Particularly for my clients hoping to Age in Place, this lifetime planning is vitally important. Inviting or acquiescing to a set of circumstances that result in health care decisions being made by professionals without knowledge or experience about you, only increases the possibility that institutional  long term care is your outcome.  Most of my clients work with legal counsel, their families, and their health care professionals to prevent unnecessary and avoidable long term institutional care.  

For more information regarding Aging in Place planning, go here.  For more information regarding LegalVault®, a system through which health care and legal documents are stored, protected and made available to health professionals upon demand, twenty-four hours a day, seven days a week, 365 days a years, go here.  

Friday, April 28, 2017

Filial Responsibility Laws Complicate Estate and Financial Planning

Warning of the challenges created by state filial responsibility laws, Jamie Hopkins, co-director of the New York Life Center for Retirement Income at the American College of Financial Services, has penned an excellent article for advisers entitled,  Family-Responsibility Laws Could Cost Your ClientsBe Aware of Laws Aiming to hold Family Members Financially Responsible for Other Family Members.


The article explains filial responsibility laws which "aim to hold family members financially responsible for other family members," by providing that "children can be held responsible for their mother and father’s nursing-home costs."   The article warns that although these laws have not been applied often because of the prevalence of social programs like Social Security, Medicare, and Medicaid, "with more and more retirees unable to meet their expenses, some providers have turned to filial laws for payment of debts."  



The article continues:

"The most widely cited recent application of filial law is 2012’s Pennsylvania case, Health Care & Retirement Corporation of America v.

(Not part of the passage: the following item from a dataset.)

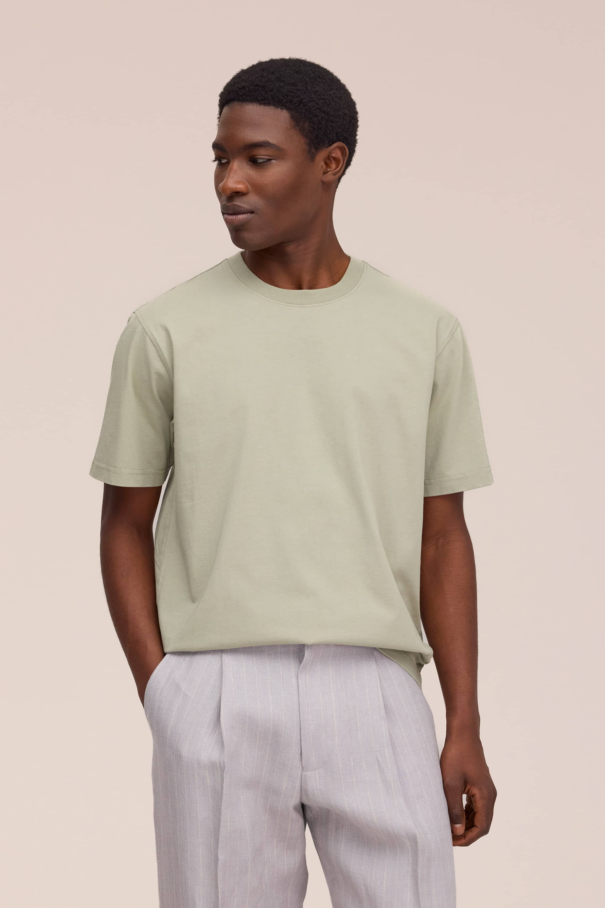 Legeres T-Shirt aus zartem Pima-Baumwolljersey. Mit Zwillingsnadel-Steppnähten und geripptem Detail am Halsausschnitt.
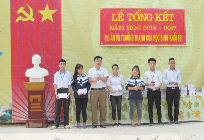 | Hãy để giấy khen là chứng nhận thiêng liêng. Trong ảnh: Học sinh THPT Bắc Yên Thành nhận khen thưởng. |

Pittas, in which the court held that a son was liable for a $93,000 nursing-home bill owed by his mom.
Since 2012, some care facilities have begun using filial laws to entice children of nursing-home residents to make payments or to ensure that the Medicaid application process is properly completed. However, there has not yet been a major uptick in lawsuits applying filial laws to recover unpaid bills.
Perhaps more interesting than the Pittas case is Eori v. Eori, in which the Superior Court of Pennsylvania upheld a monthly filial-support obligation of $400 from one brother to another in order to pay for long-term-care support for their seriously ill mother. The plaintiff son, who himself provided a lot of the care at home, was able to demonstrate that his mother could not pay all of her costs and needed financial assistance.
This case helps show the far-reaching potential of filial-support laws, as siblings can be required to help support their parents even if they are not in a nursing home or other professional facility.
This blog last warned about filial responsibility in the article Filial Responsibility Laws Lead to Chaos.  Many conclude that it is not a question of whether filial responsibility laws will find widespread application to long term care cases, it is a question of when.